Creating a formal record of what your services include, your terms and conditions, and other legal provisions can help ensure that you avoid legal problems down the road.
Here are 12 things to include in a service contract to protect you and your business.
Like any legal agreement, a service agreement should always start with the names and descriptions of each party involved. This means the service provider and their direct client. This might also include other parties and representatives, but usually only in more complex agreements.
Next, it’s very important to define the scope of work, sometimes called the statement of work, and what is included in the contract. Again, this helps ensure that customers aren’t expecting more than was included in the quote and order.
Time frames are another important part of any service agreement. The service provider should include the date when the contract is effective and when they expect to start and finish providing the service.
Often, these service agreements also include information about what will be done in the event of a delay and what penalties, if any, will apply for late delivery or completion.
The fees and payment terms of the service contract should all be included in the agreement.
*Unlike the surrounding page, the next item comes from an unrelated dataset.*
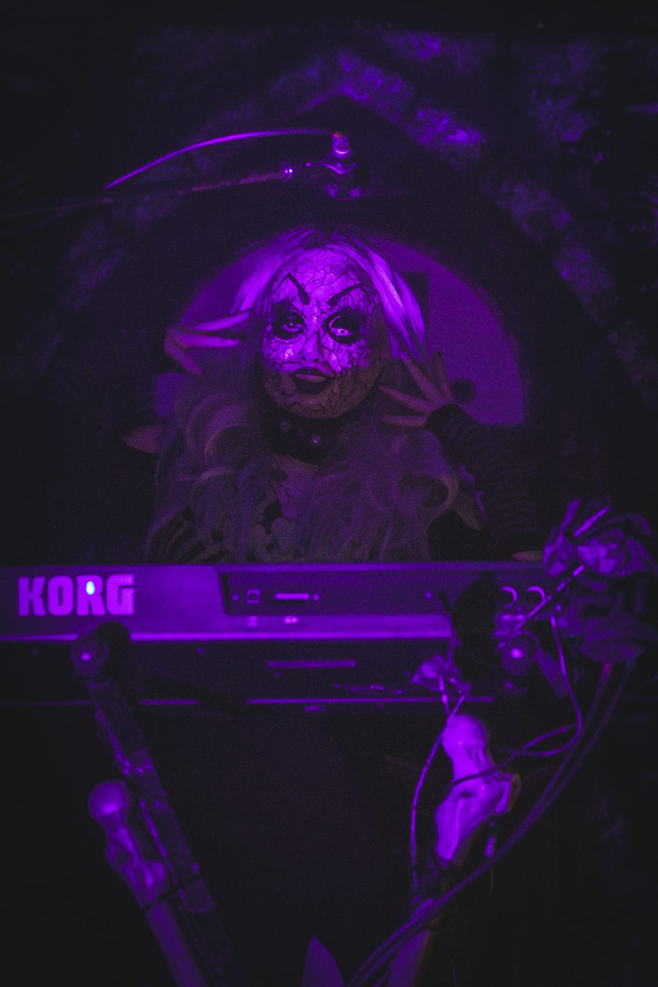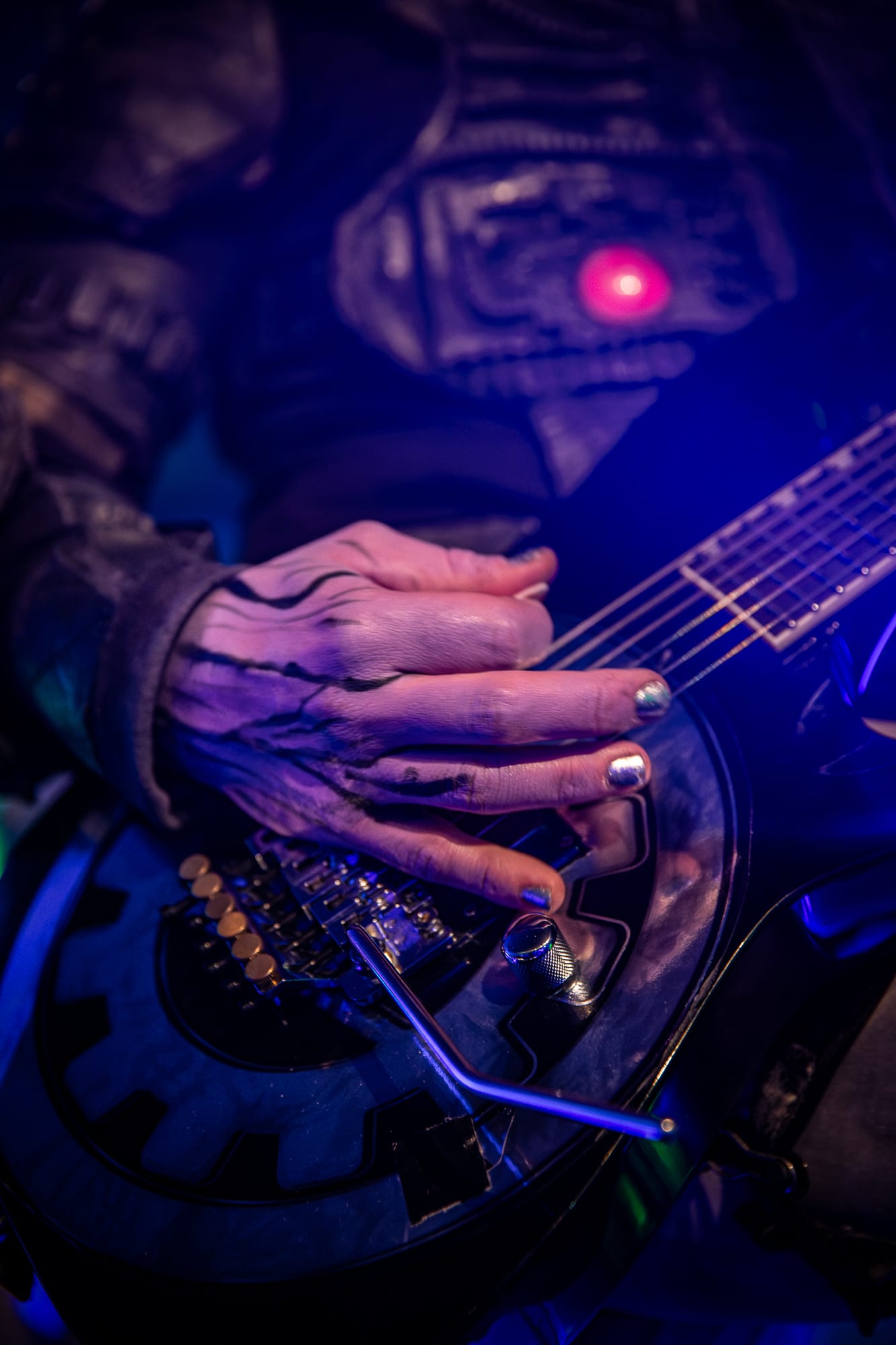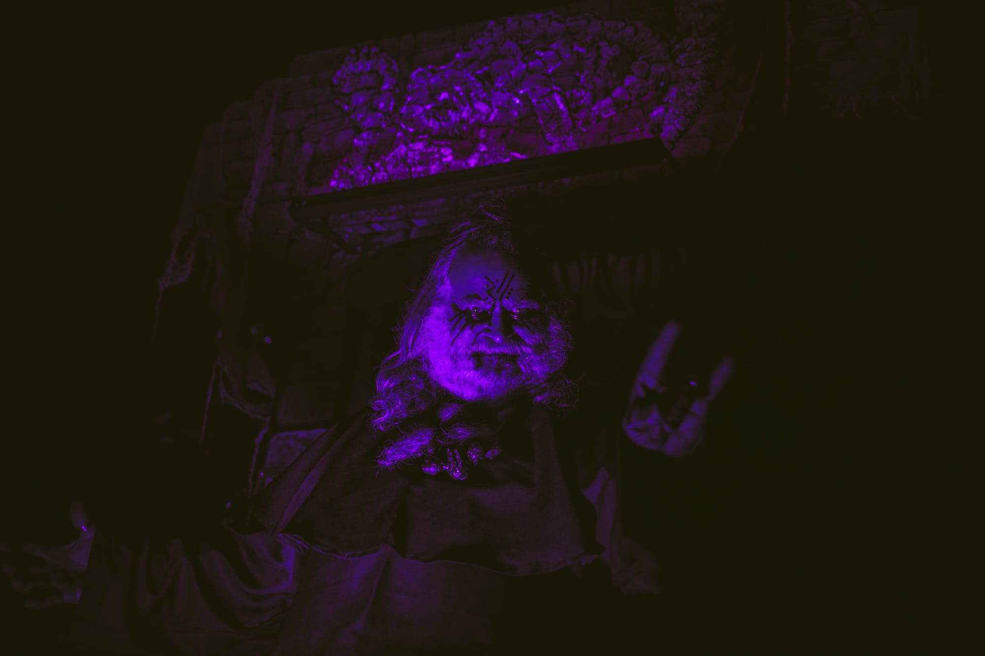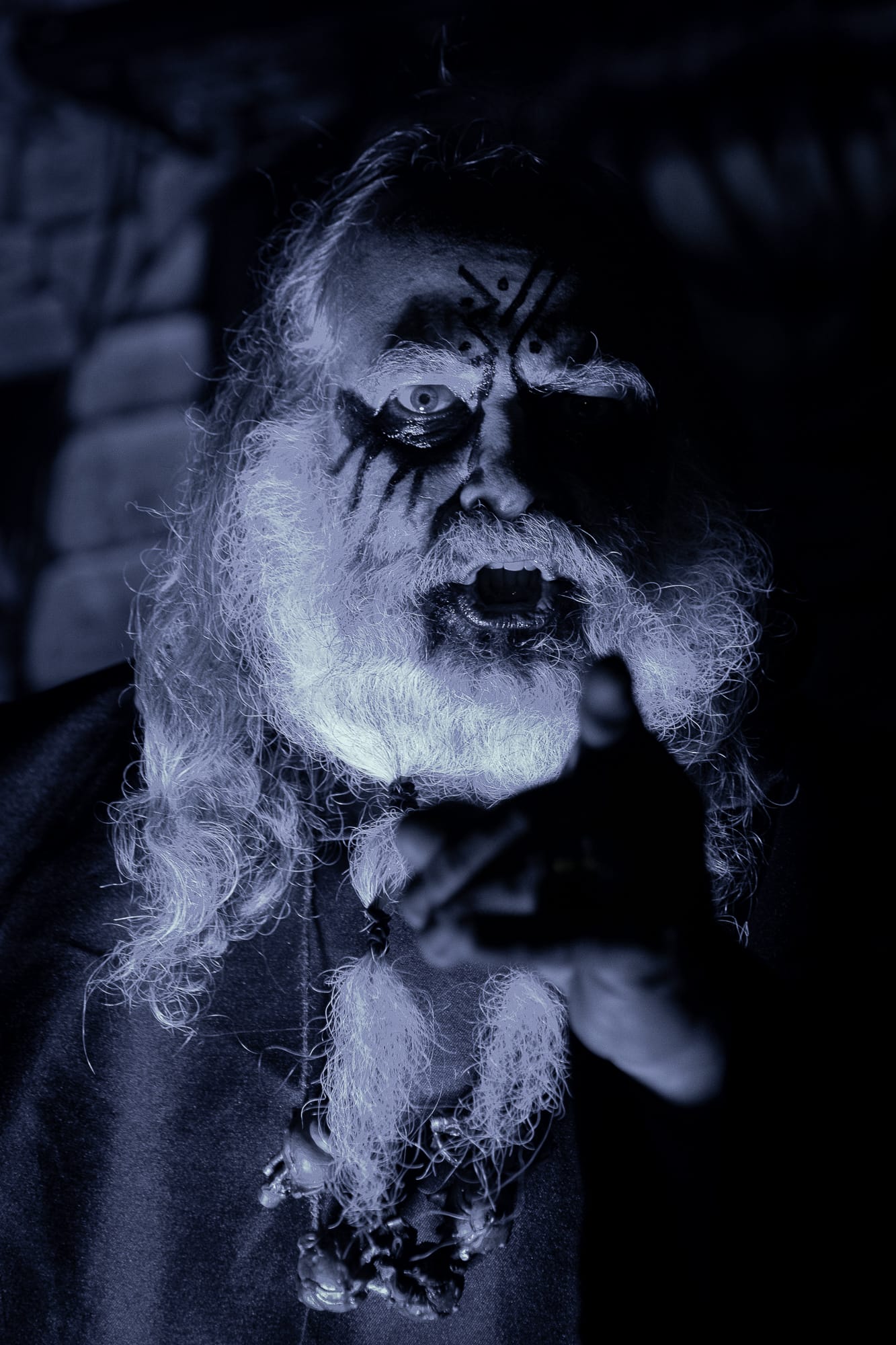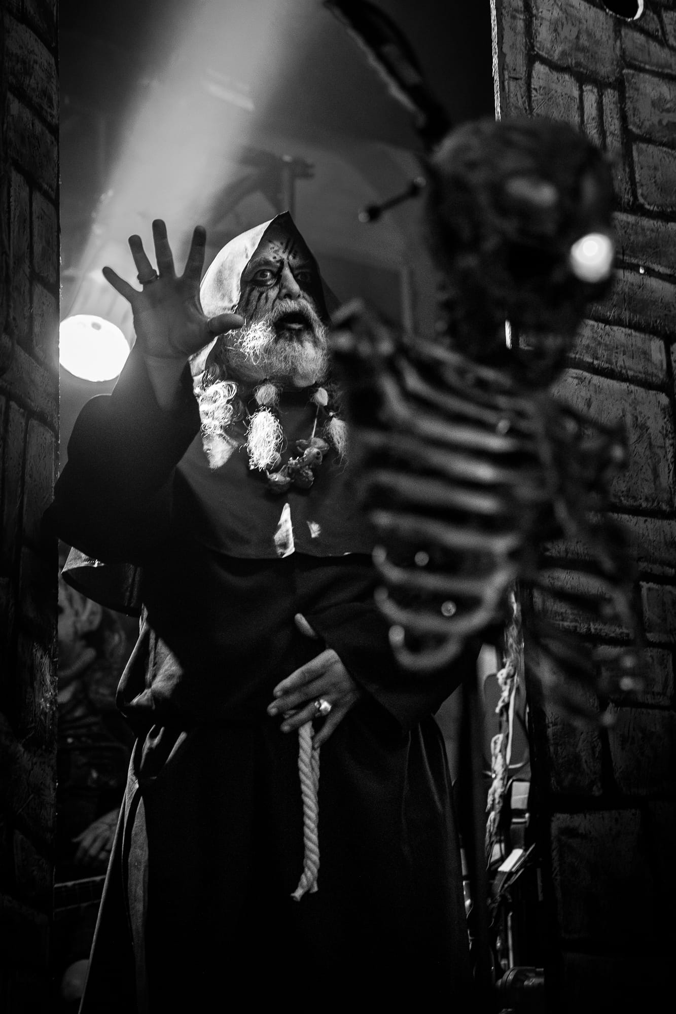The lights dimmed as "God of Thunder" by KISS began to play, as on stepped Ralph Ruiz (theatrical actor and long time Lordi collaborator) cloaked and hooded as the monk/druid Nosferuiz. Initially singing along to the glam rock legends he slowly made his sinister way to centre stage before breaking into the opening monologue from the 2023 album Screem Writers Guild to introduce the band.

In addition, if there are any penalties or interest for late payment, these should also be included in the contract.
Many service contracts are paid in stages. For example, commencement is often subject to the provision of a deposit, and there may be several predetermined stages in which payment will be made.
Service providers are often subject to regulations that stipulate what kind of insurance they must have and what kind of legal steps they must take to be legally allowed to provide this service.
Insurance and compliance terms in service agreements outline what those insurances and regulations are and what steps the service provider has taken to comply with them.
Suppose the client is responsible for any kind of regulatory requirements or insurance. In that case, this will also be included in this section.
Meet some lawyers on our platformWhile any business does their best to minimize risks to their clients, there’s always a chance that something might go wrong despite their best efforts, and vice versa.
Indemnification terms protect the service provider and their client from legal action related to things outside their control.
Suppose a service includes warranties from the service provider. In that case, the warranty details will be provided, including when it comes into effect and expires, to whom the warranty applies, and under which circumstances it will not apply.
A work agreement or service agreement will usually include terms related to default by either party. These state what will be considered a default and the process for handling defaults by the service provider or customer.
The dispute resolution and remedies section helps those engaging in a service contract avoid lengthy court proceedings. Many companies use mediators or arbitrators before legal action can be taken. There might also be situations where one party is automatically entitled to a particular remedy.
Sometimes, such as in the case of an exclusive service agreement, the customer wishes to ensure that the service provider will not offer the same service to a customer in their area. Or a service provider might want to ensure that the person they provide a service to does not start offering the same service.
In this case, a noncompete agreement may be included in the contract.
Sometimes, a work agreement needs to be kept confidential. Often, this happens when the service provider has access to secret or proprietary information.
A confidentiality agreement or nondisclosure agreement helps to ensure that their information will not be made public and sets out their legal remedies if it is.
Service providers may also require confidentiality when providing detailed pricing information that could damage their business if known publicly. This could also be protected in this section.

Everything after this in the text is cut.